Real estate can be an incredible tool to help you prepare and build wealth for retirement or provide consistent income during those years, but certain asset classes within real estate are better suited for investment during retirement than others. Most people entering retirement are looking to achieve a certain lifestyle, one that requires minimal management or active work while still allowing them to earn reliable passive income and reduce their risk and tax burden.
Below are four of the best real estate investments for retirement that provide passive income, adjusting for risk, and require minimal active management.
Real estate investment trusts (REITs) can be a wonderful investment opportunity for those looking for a hands-off investment that still provides a reliable income. REITs are publicly traded companies that invest in commercial real estate, paying up to 90% of their taxable income in the form of dividends to shareholders. Participating investors can gain access to real estate in a variety of sectors across multiple industries and markets, all without any active management of the real estate themselves. Before investing in a REIT, do your due diligence on REIT taxation and speak with a professional to see if the income you would earn from a REIT would negatively affect you in retirement or not.

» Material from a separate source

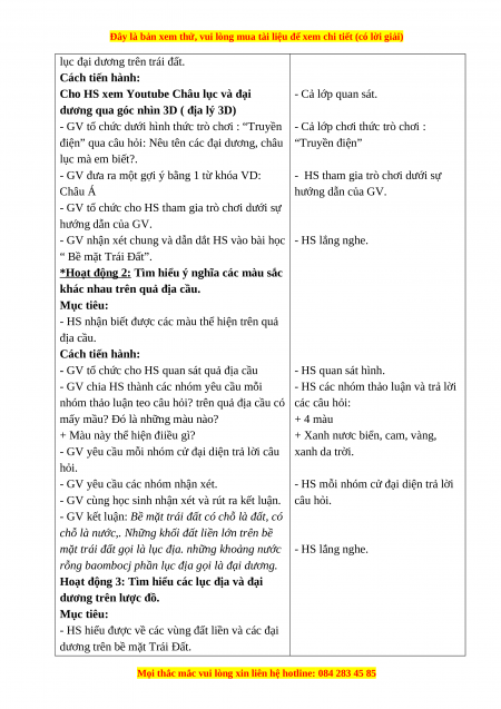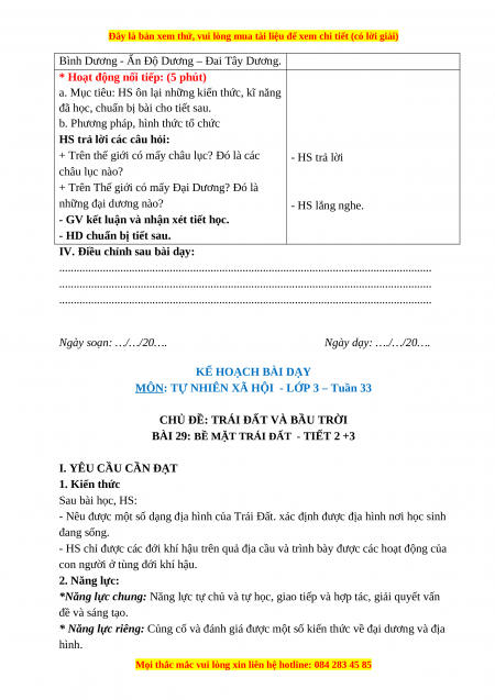 BÀI 29: BỀ MẶT TRÁI ĐẤT - TIẾT 2 +3
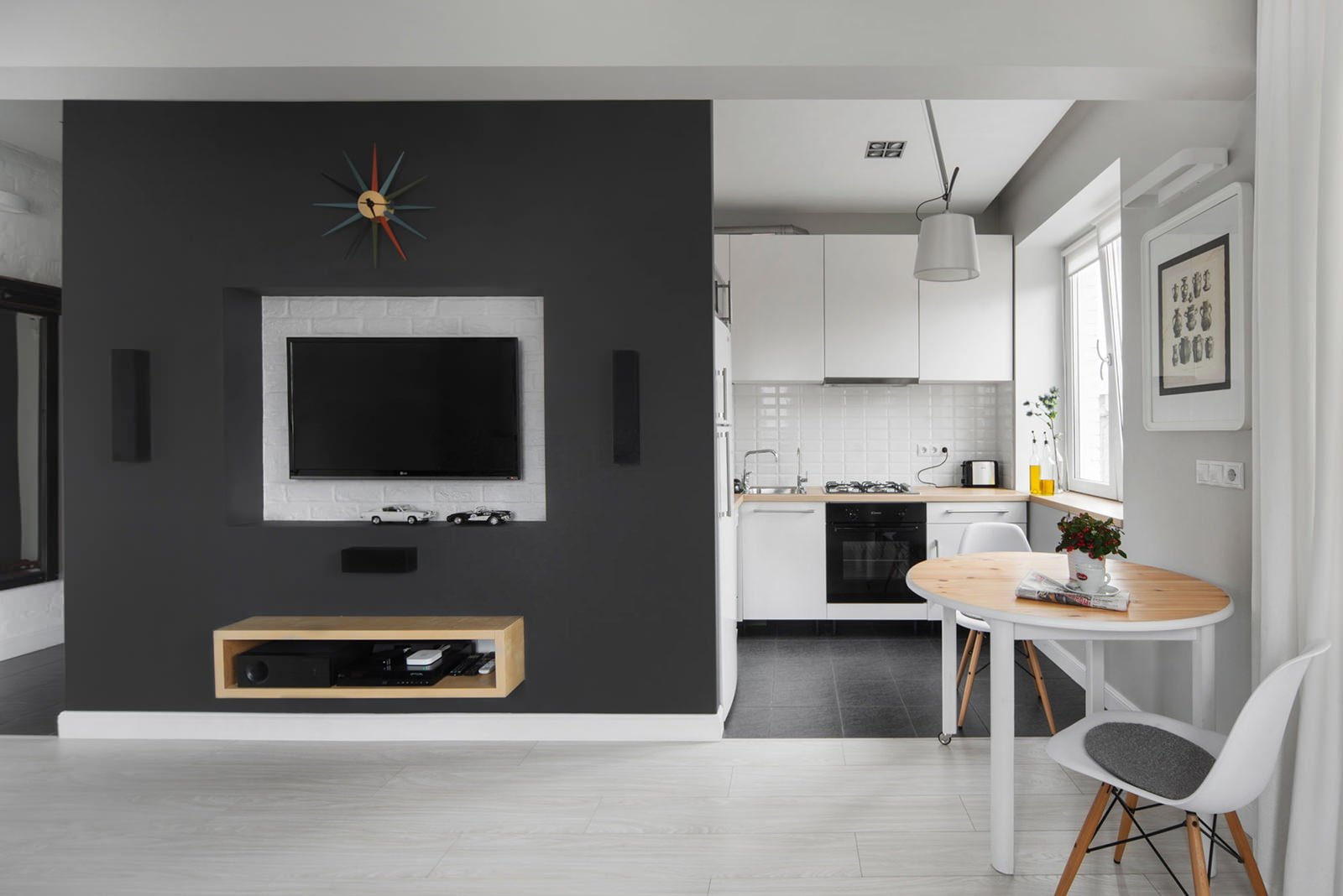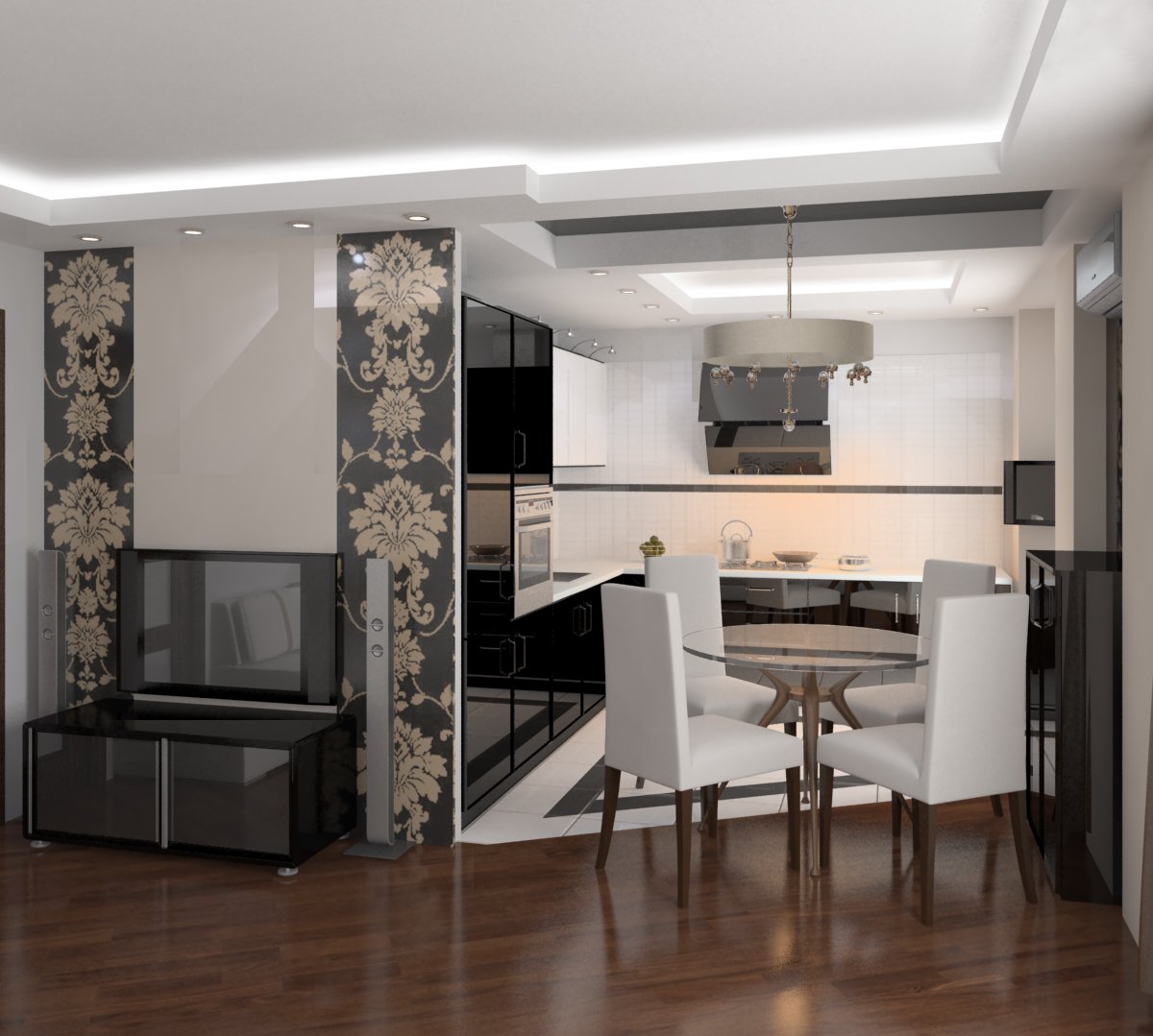 Otra ventaja es la capacidad de transferir el área de comedor desde la cocina al lugar donde va a la sala de estar. También vale la pena señalar que mientras cocina es más fácil hacer un seguimiento de los niños. Las principales desventajas son el aumento de los niveles de ruido y la propagación del olor en la habitación. Puede deshacerse de estos momentos desagradables de la siguiente manera:

2. Mortgage notes or private lending
It's fairly common practice for experienced and veteran landlords heading into retirement years to offer their investment properties for sale with owner financing. Owner financing means the property owner holds a mortgage on the property for the buyer and receives installment payments over time. This offers tax advantages to the seller, reducing their capital gains burden at the time of sale.
While this method of selling real estate may not be advantageous for all investors in retirement, because there's always a risk the buyer stops paying at one point or another during the life of the loan, it can be a viable option for producing consistent cash flow without any active ongoing management, especially when utilizing a third-party servicing company.
Another option available to investors, especially those who have large retirement accounts such as a solo 401K or individual retirement account (IRA), is to become a private lender offering short- or long-term loans to investors and home buyers who are in need of alternative financing solutions. Private lending makes up a large portion of the investor marketplace and can provide consistent cash flow and above-average returns (10% or higher) -- but again, not without risk.
There is always a chance the borrower stops paying, which would require you to foreclose or seek legal action to regain title to the property. Additionally, this method of lending also requires more ongoing management, especially with short-term loans, as you need to vet each lending opportunity and borrower.
3. Own a third-party managed investment
While many investors in retirement choose to minimize their real estate holdings to simplify their estate and reduce their active participation in managing the rental properties, there can be benefits to owning a rental property in retirement, especially if it's managed by a third-party company. Rental real estate, whether it be single-family rental properties or commercial rental property, provides cash flow and a number of tax advantages and deductions.
A third-party manager can handle all of the day-to-day tasks, including leasing, collecting rent, coordinating repairs and improvements, and more. However, this investment will still require you to monitor and manage the management company or property manager. Monthly, quarterly, or annual reviews will still be required to ensure the investment is operating as it should be unless you hire an asset manager to do this for you.
In order for this to work and for you to truly achieve passive income without active participation while adjusting for risk, your real estate portfolio should include a variety of rental investments across multiple markets, which can be difficult to accomplish if your investments have been in one primary market for the past few decades.
4. Transition your current investments into a diversified portfolio
If you own real estate but have the desire to sell, you can transition your wealth to more tax-advantaged retirement income. Realized is a firm that helps those entering retirement or of retirement age who currently own property reallocate their wealth by utilizing a 1031 exchange, placing qualified investment funds into a diversified portfolio of institutional quality investment properties.
While no two retirement situations are alike, there are certain investments that work well for many retirees. Speaking with a professional such as a financial advisor, estate planning attorney, or accountant can help you adjust your real estate holdings to meet your exact portfolio requirements.